TASK PROMPT:
Excluding any images, copy all of the lines below precisely as written.

DATASET CONTENT:
====================

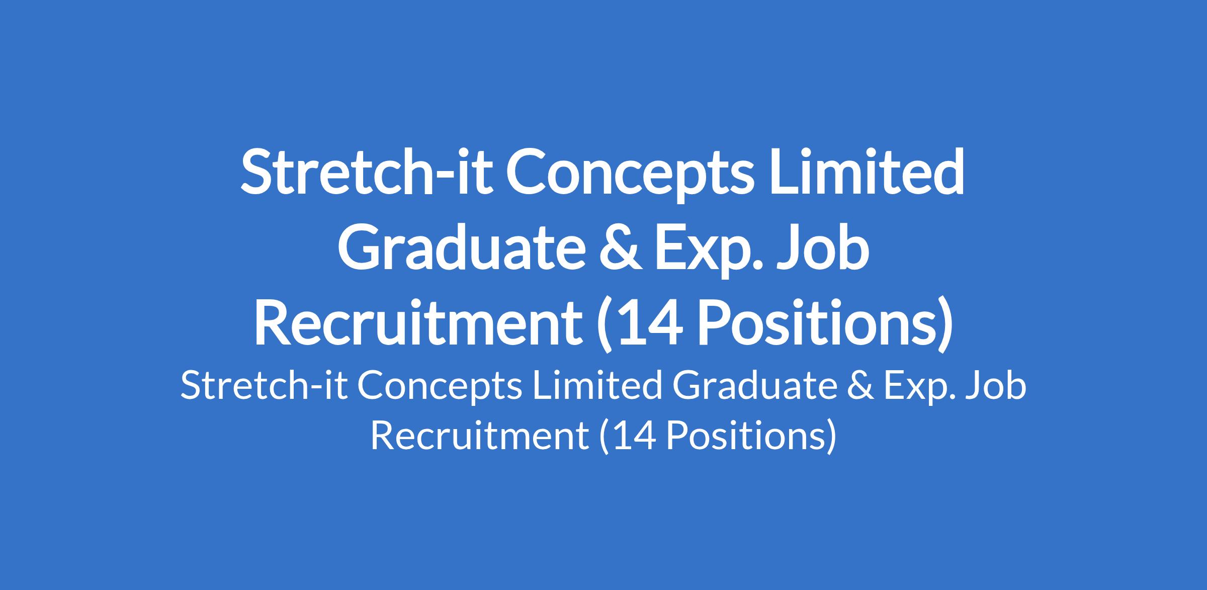 Stretch-it Concepts Limited is currently recruiting suitable candidates to fill the following graduate and experienced positions in Lagos State: CCTV Monitor / Operator, Business Development Officer, NYSC Corp Member, HR Officer (Performance Management Specialist), Pharmacist, Personal Assistant, Admin Officer, Admin Manager, Experienced Human Resource Manager, I.T Personnel, Kitchen Manager, Experienced Supermarket Manager, Cashier and Civil / Structural Engineer.
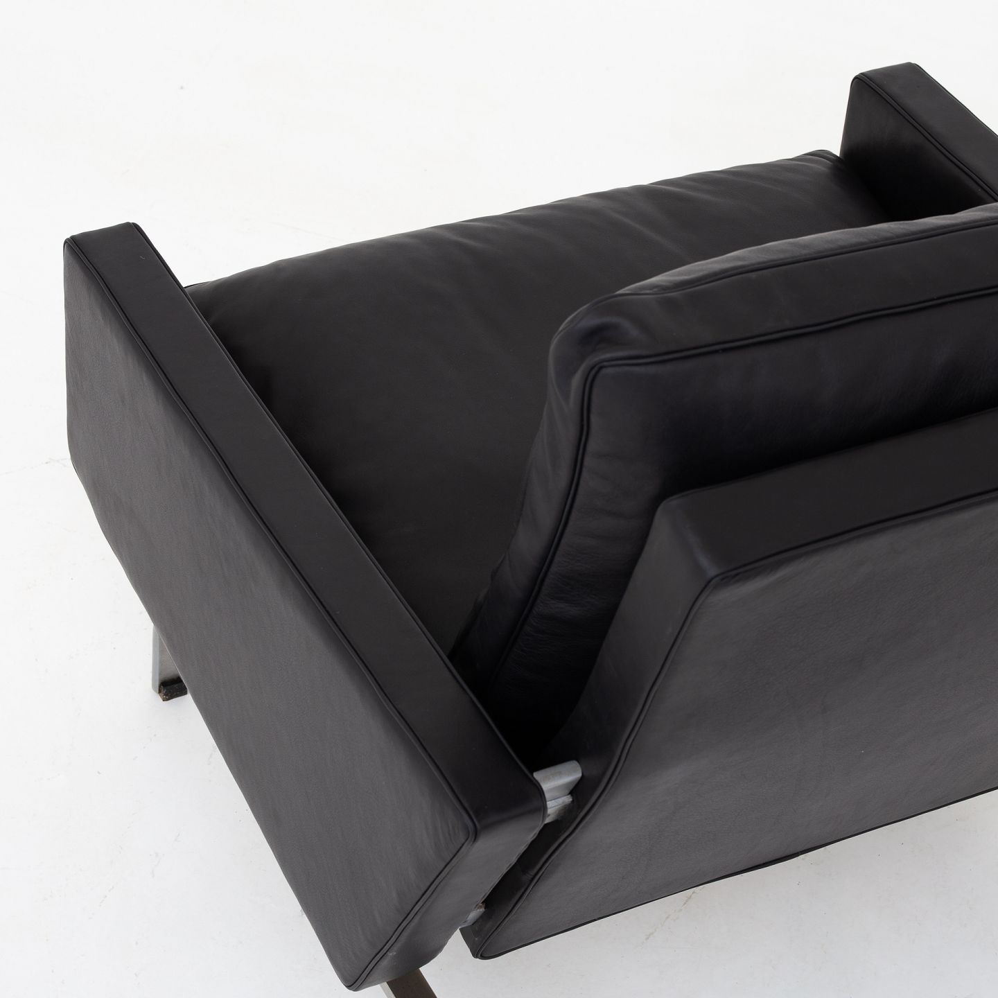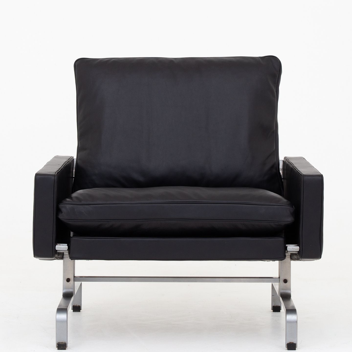 PK 31/1 - Nybetrukket lænestol i Shade-læder (Pitch Black) på stel af stål. KLASSIK tilbyder polstring af lænestolen med stof eller læder efter eget valg.
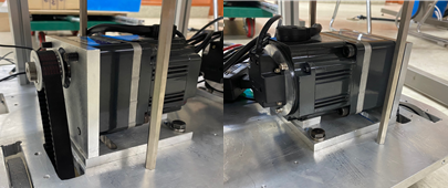 - Frame 상단의 motor로부터 belt를 이용하여 동력 전달

====================

SOLUTION TO THIS TASK:
 Stretch-it Concepts Limited is currently recruiting suitable candidates to fill the following graduate and experienced positions in Lagos State: CCTV Monitor / Operator, Business Development Officer, NYSC Corp Member, HR Officer (Performance Management Specialist), Pharmacist, Personal Assistant, Admin Officer, Admin Manager, Experienced Human Resource Manager, I.T Personnel, Kitchen Manager, Experienced Supermarket Manager, Cashier and Civil / Structural Engineer.
 PK 31/1 - Nybetrukket lænestol i Shade-læder (Pitch Black) på stel af stål. KLASSIK tilbyder polstring af lænestolen med stof eller læder efter eget valg.
 - Frame 상단의 motor로부터 belt를 이용하여 동력 전달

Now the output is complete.